[Data excerpts]
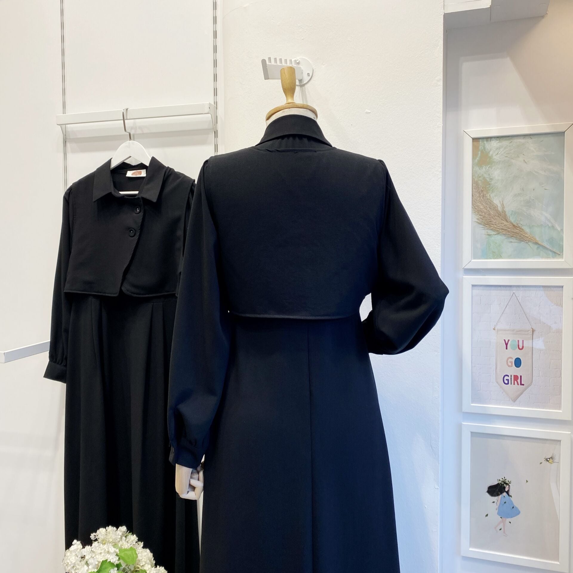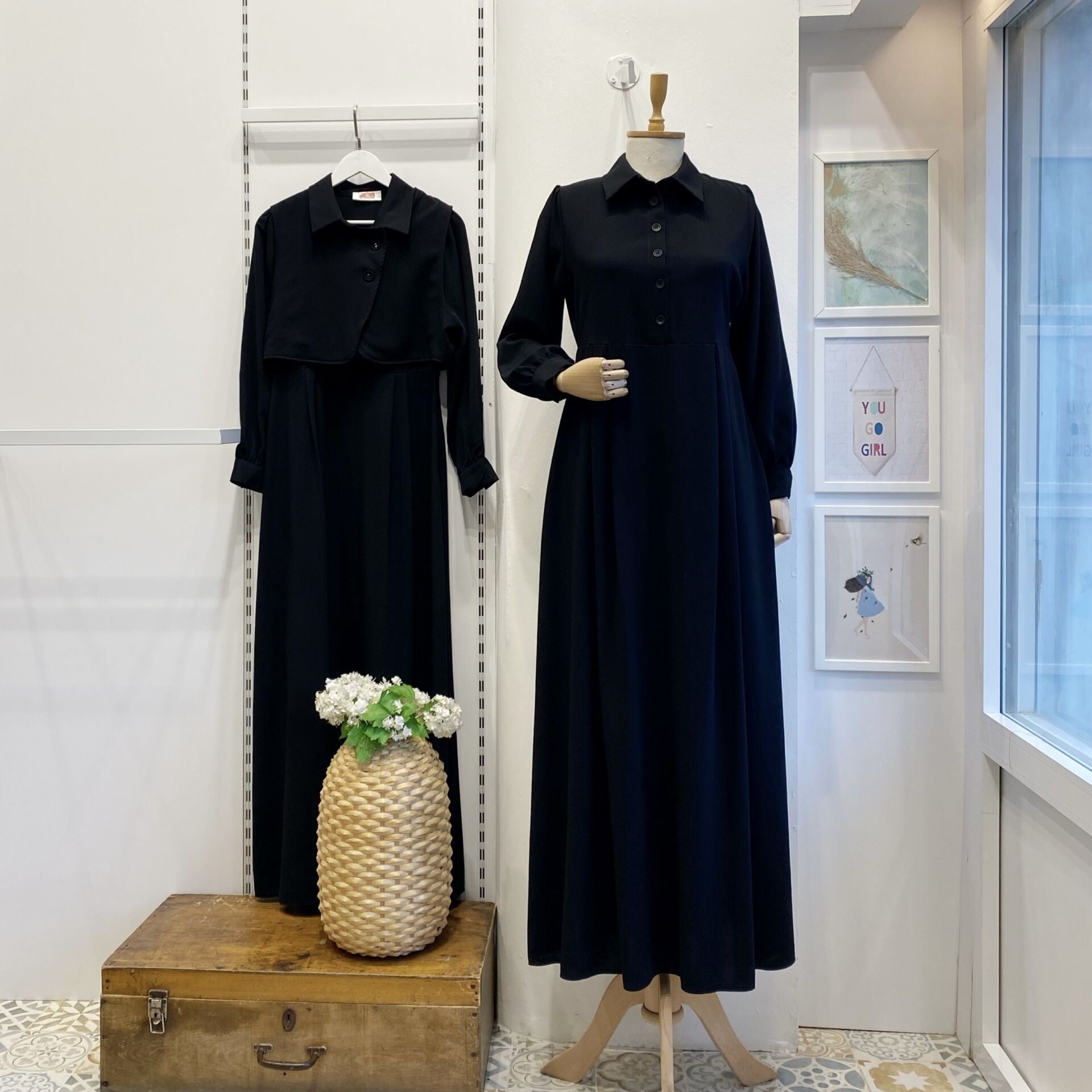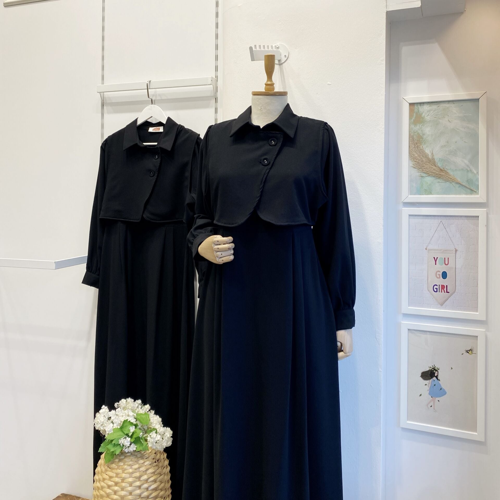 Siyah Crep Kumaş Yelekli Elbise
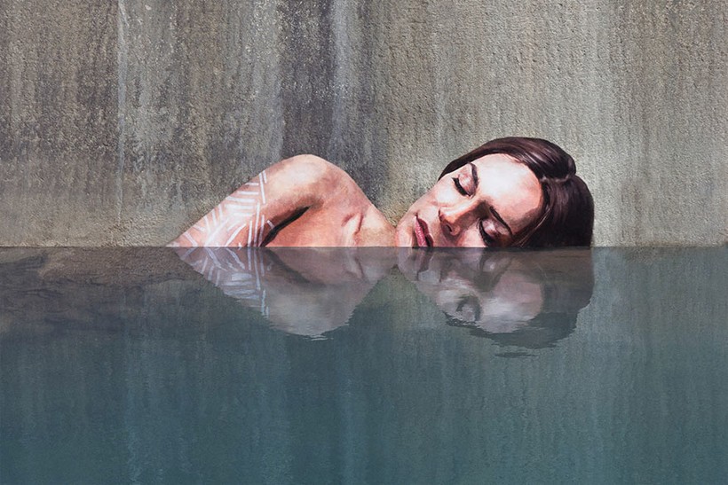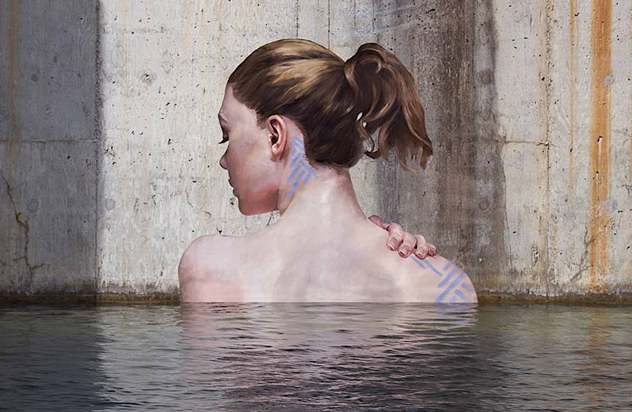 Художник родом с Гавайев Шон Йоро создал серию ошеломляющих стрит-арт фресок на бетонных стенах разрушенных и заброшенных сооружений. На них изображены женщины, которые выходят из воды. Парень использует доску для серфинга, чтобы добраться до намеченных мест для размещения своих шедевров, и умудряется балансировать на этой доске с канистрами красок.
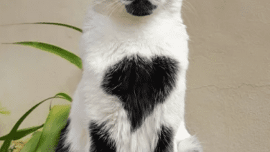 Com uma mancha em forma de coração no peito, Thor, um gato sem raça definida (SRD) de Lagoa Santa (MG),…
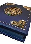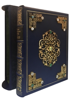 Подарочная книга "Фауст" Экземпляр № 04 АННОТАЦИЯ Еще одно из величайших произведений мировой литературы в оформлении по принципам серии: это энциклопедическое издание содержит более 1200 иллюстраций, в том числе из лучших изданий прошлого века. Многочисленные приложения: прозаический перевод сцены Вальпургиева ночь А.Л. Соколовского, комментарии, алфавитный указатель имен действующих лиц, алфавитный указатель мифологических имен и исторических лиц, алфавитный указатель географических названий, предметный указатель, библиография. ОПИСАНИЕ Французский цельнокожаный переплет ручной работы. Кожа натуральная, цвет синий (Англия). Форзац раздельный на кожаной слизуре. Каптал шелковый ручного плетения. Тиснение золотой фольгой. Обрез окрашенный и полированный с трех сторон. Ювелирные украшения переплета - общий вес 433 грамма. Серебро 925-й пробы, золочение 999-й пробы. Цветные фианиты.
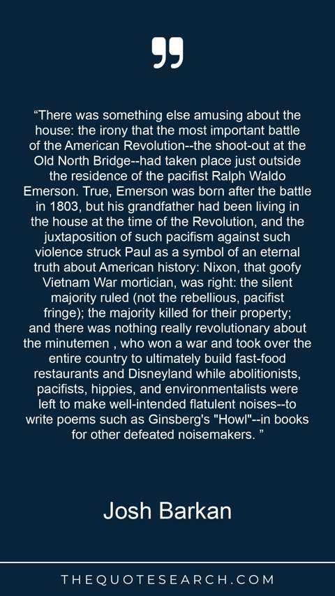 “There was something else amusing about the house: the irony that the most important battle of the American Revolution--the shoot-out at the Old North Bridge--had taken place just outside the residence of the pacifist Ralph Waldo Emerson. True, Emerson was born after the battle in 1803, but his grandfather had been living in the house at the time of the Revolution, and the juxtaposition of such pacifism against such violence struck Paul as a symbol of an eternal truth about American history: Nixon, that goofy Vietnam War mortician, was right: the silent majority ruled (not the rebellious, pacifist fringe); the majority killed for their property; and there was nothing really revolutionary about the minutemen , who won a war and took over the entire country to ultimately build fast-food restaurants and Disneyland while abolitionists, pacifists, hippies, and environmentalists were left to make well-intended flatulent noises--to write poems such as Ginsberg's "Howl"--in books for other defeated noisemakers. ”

* Work to complete *
Extract, word for word, each line from the top of the data down to and including the line with "Com uma mancha"; skip the pictures.

* Written answer *
 Siyah Crep Kumaş Yelekli Elbise
 Художник родом с Гавайев Шон Йоро создал серию ошеломляющих стрит-арт фресок на бетонных стенах разрушенных и заброшенных сооружений. На них изображены женщины, которые выходят из воды. Парень использует доску для серфинга, чтобы добраться до намеченных мест для размещения своих шедевров, и умудряется балансировать на этой доске с канистрами красок.
 Com uma mancha em forma de coração no peito, Thor, um gato sem raça definida (SRD) de Lagoa Santa (MG),…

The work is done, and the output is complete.